Writedowns for the quarter were 19 billion Swiss francs, in line with a warning issued by the bank in April when it also said its net loss would be about 12 billion Swiss francs.

However, the notable lack of fresh writedowns beyond the 37 billion dollars UBS had previously announced led some analysts to comment that the "worst may be over" for the bank and indeed, the banking sector.

Bank Wegelin analysts said investors were probably relieved that the results were in line with the earlier warning and that no new writedowns were announced.

While it described UBS' situation as still far from rosy, it added: "It is true for UBS as it is for the whole sector: the worst is probably over."

UBS said on Tuesday the year had begun with "tough business conditions" which it expected to continue.

"The impact will affect all of UBS' businesses and it requires the firm to manage costs, resources and capacity very actively," the bank said.

It said it would cut 2,600 jobs from its investment bank unit -- the main culprit for the subprime-related losses -- by the year-end, most through redundancies.

Staff would also be trimmed in other departments, mainly through normal departures and internal redeployment.

Assuming no change in market conditions, it expected to have 5,500 fewer employees by the middle of 2009.

The bank (NASDAQ: TBHS - news) last year announced some 1,500 job cuts by the end of 2007.

UBS also said it had "substantially reduced its risk inventory," with positions related to US subprime mortgages down by about 60 percent compared to the third quarter of last year.

Chief executive Marcel Rohner also confirmed a report that the bank was selling some of its subprime mortgage debt to US asset manager BlackRock (NYSE: BLK - news) for 15 billion dollars.

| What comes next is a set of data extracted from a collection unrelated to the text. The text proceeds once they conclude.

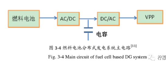 燃料電池是一種不經過燃燒直接以電化學反應方式將富氫燃料的化學能轉化為電能的發(fā)電裝置。從理論上講,燃料電池可將燃料能量的 90%轉化為可利用的電和熱。而且,燃料電池的效率與其規(guī)模無關,因而在保持高燃料效率時,燃料電池可在其半額定功率下運行。它與光伏發(fā)電都是直接給電網供電。其單體輸出電壓隨電流增大而下降,在一定電流范圍內電極極化壓降變化不大。另外,單體輸出電壓隨燃氣利用率增大而下降,這是因為燃料氣的總量輸入保持在不變的情況下,燃氣利用率與氫氣輸入量成反比,與電池電流密度成正比。這樣,燃氣利用率的增加會使實際參加反應的氫氣量減少(電池電流密度不變),從而導致電池的輸出電壓降低。在輸入氣體如氫氣和氧氣保持不變的情況下,燃料電池電壓和電流密度二者之間具有很好的線性關系,因此我們可以把燃料電池穩(wěn)態(tài)運行時看作是一個獨立電壓源和內部歐姆電阻的模型。因此燃料電池在并網時可以等值為一個電壓源與一個電阻。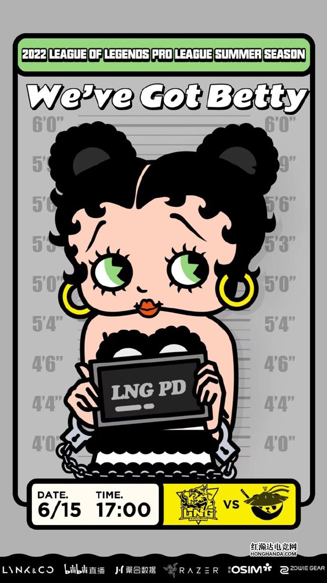 LNG的海报标题是“We've Got Betty”(我们已经抓到了Betty)。手拿“LNG PD”信息板的“性转Betty”正在拍摄“入狱照”,暗示LNG今天将针对AL下路,让Betty好好体验一把“塔下坐牢”的感觉~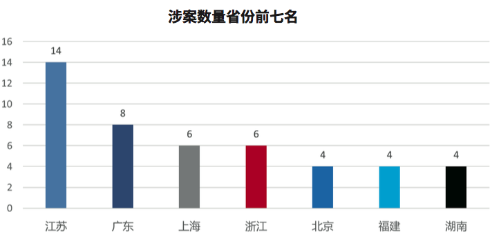 从地域分布来看,涉证券类行政处罚的上市公司主要集中在东部沿海地区,如江苏省、浙江省、上海市、广东省、山东省,与上市公司在这些省份较为集中有关。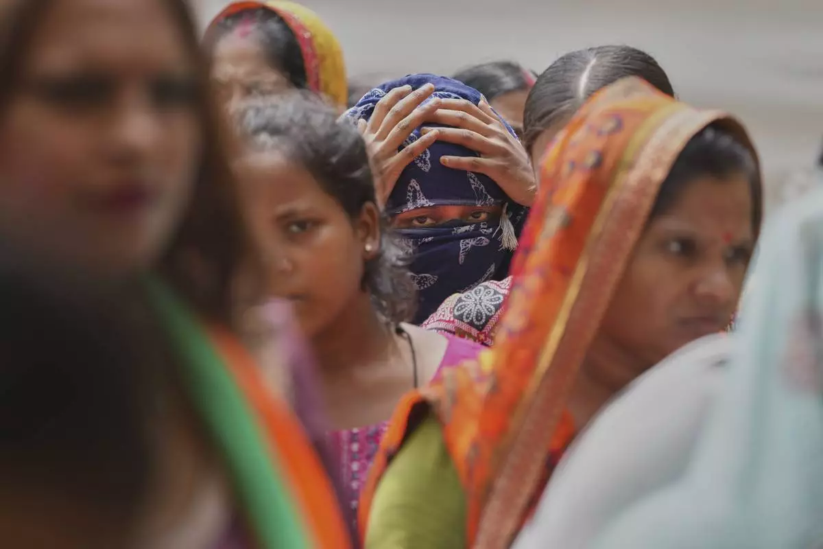 People stand in a queue for food in a temporary school shelter, which houses residents displaced from the banks of the Yamuna River by incessant rain in the higher regions in New Delhi, India, Friday, Sept. 5, 2025. (AP Photo/Manish Swarup)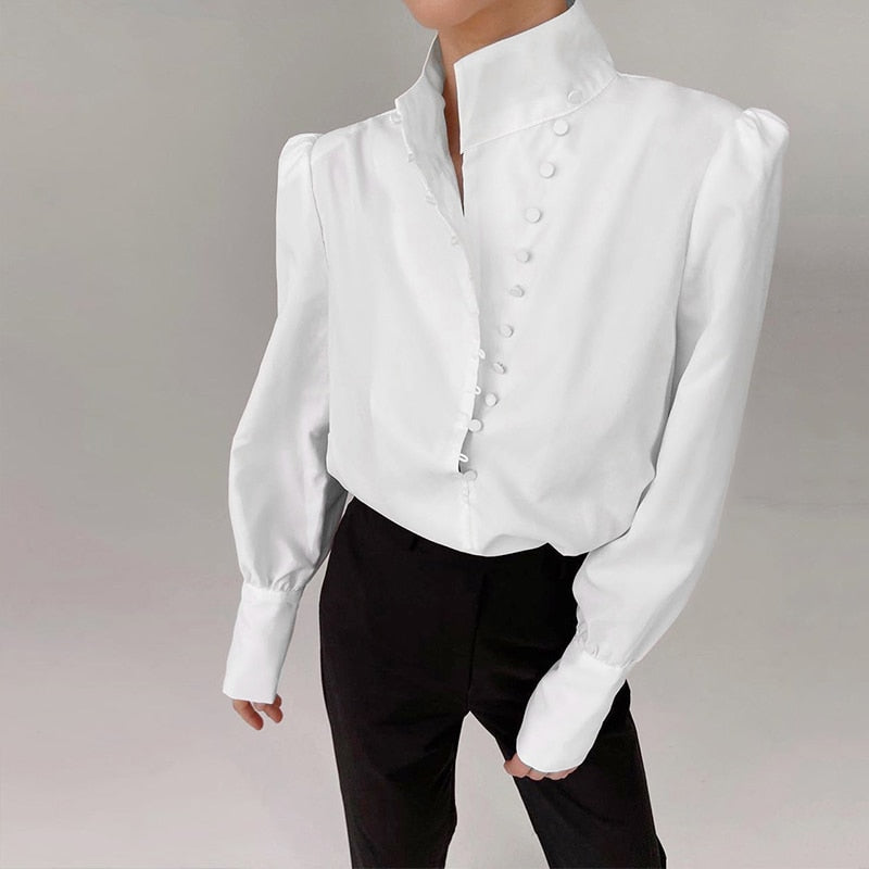 Znbbw Turtleneck Blouse Long Sleeve White Shirt Office Ladies Top Casual Solid Single-Breasted Puff Sleeve Womens Blouses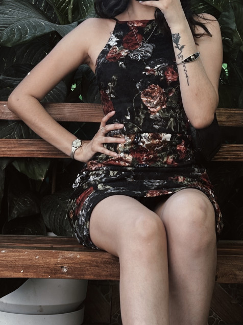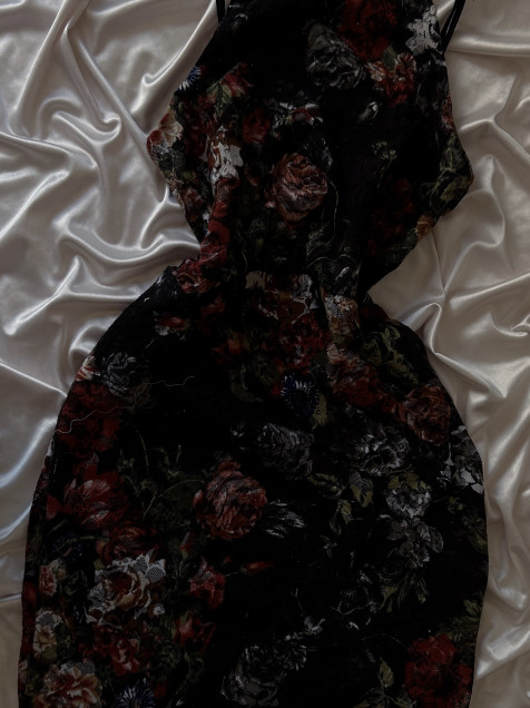 Vestido negro halter de encaje con flores
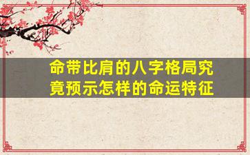 “命带比肩”是八字命理中的一个术语,指八字天干中出现与日主相同的五行(如日干为甲木,其他天干再出现甲木,即为比肩)。比肩代表竞争、独立、同辈助力或阻力,其具体影响需结合八字整体格局、旺衰、喜忌等综合分析。以下是常见的命运特征和解读方向: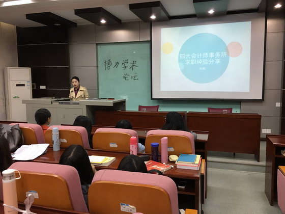 2016年10月27日19:00,第十二届长沙理工大学博力学术论坛经管学院分坛第四场在金盆岭校区7教211成功举行。主讲人是14级硕士研究生张畅同学,主题为“四大会计师事务所求职经验分享”。经管学院2015、2016级研究生参与此次讲座。

He did not give further details about the transaction, but according to a Financial Times report, the debt was bought at a 25 percent discount to its face value of 20 billion dollars.

It would in turn be packaged into a BlackRock fund and sold to investors. UBS would retain a minority interest in the fund and could thereby profit from a recovery in the future, according to the FT report which cited anonymous sources.

Rohner said "we see market demand for these securities returning in certain areas and at the current level of valuations."

UBS "will get over these difficulties in the coming quarters," Rohner assured reporters in a telephone conference call, although he declined to specify when exactly he expected the bank to return to profitability.

He added that the bank did not need fresh capital.

UBS has had to seek fresh capital twice, once from a Singapore sovereign wealth fund and an anonymous Middle Eastern investor, and a second time last month from its shareholders.

UBS shares fell 5 percent to 35.02 Swiss francs on the Zurich stock exchange in late afternoon trade. The overall SMI index was down 1.3 percent.